→ What is expected: For any picture in the lines below, please leave it out and copy the rest exactly.

→ Exercise data:
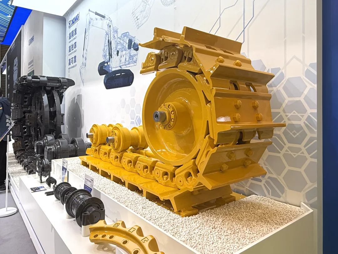 上海寶馬展現(xiàn)場(chǎng),徐工4套成套化履帶底盤產(chǎn)品——400噸挖掘機(jī)履帶底盤、900馬力推土機(jī)履帶底盤、微型挖掘機(jī)履帶底盤、耐高溫、耐極寒工況履帶底盤大放異彩。
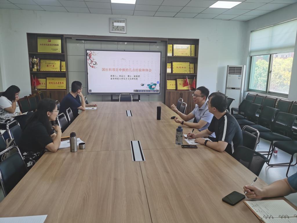 为进一步提高儒商学院教师申报国家社科基金项目的积极性、营造浓厚的学术氛围。2023年9月14日下午,儒商学院邀请曲阜师范大学孔子文化研究院副教授、硕士研究生导师郑治文博士为学院教师作“国家社科基金项目申报的几点经验和体会”学术报告。学院相关博士、青年教师参加报告会,报告会由该院副教授张冠甲博士主持。
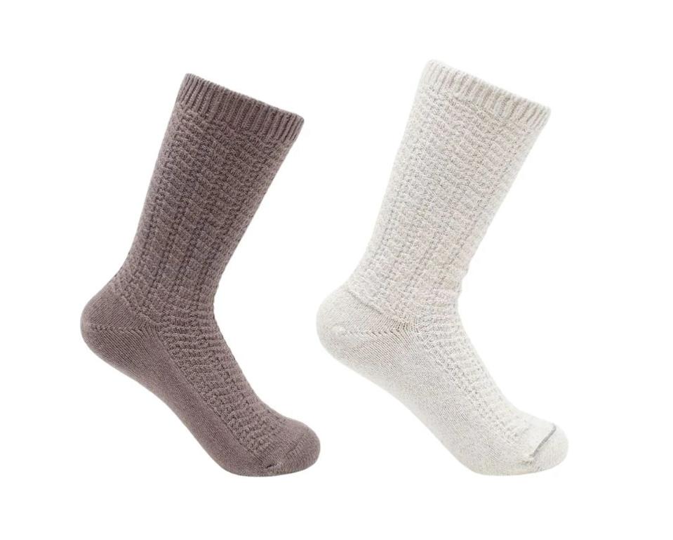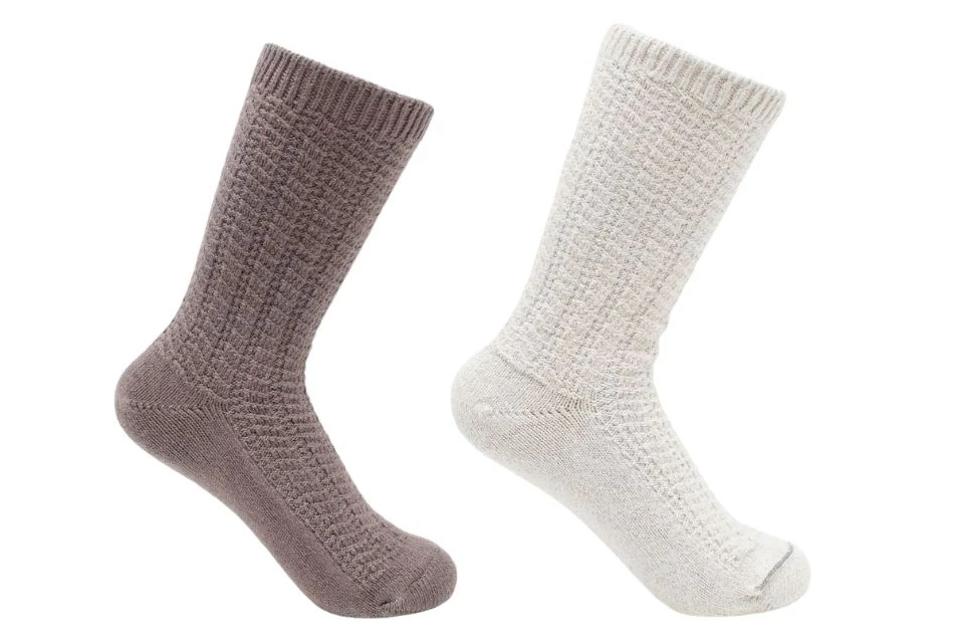 This plush sock duo is suitable for all occasions, but it’s especially handy while you’re on the road. And that’s because they’re stitched with a revolutionary upcycled knit blended with silver. In addition to slowing down the growth of odor-causing bateria while killing germs, it extends wear between washes. Also, the toe seam is on the outside of the sock for a seamless, bunch-free fit.

→ Worked solution:
 上海寶馬展現(xiàn)場(chǎng),徐工4套成套化履帶底盤產(chǎn)品——400噸挖掘機(jī)履帶底盤、900馬力推土機(jī)履帶底盤、微型挖掘機(jī)履帶底盤、耐高溫、耐極寒工況履帶底盤大放異彩。
 为进一步提高儒商学院教师申报国家社科基金项目的积极性、营造浓厚的学术氛围。2023年9月14日下午,儒商学院邀请曲阜师范大学孔子文化研究院副教授、硕士研究生导师郑治文博士为学院教师作“国家社科基金项目申报的几点经验和体会”学术报告。学院相关博士、青年教师参加报告会,报告会由该院副教授张冠甲博士主持。
 This plush sock duo is suitable for all occasions, but it’s especially handy while you’re on the road. And that’s because they’re stitched with a revolutionary upcycled knit blended with silver. In addition to slowing down the growth of odor-causing bateria while killing germs, it extends wear between washes. Also, the toe seam is on the outside of the sock for a seamless, bunch-free fit.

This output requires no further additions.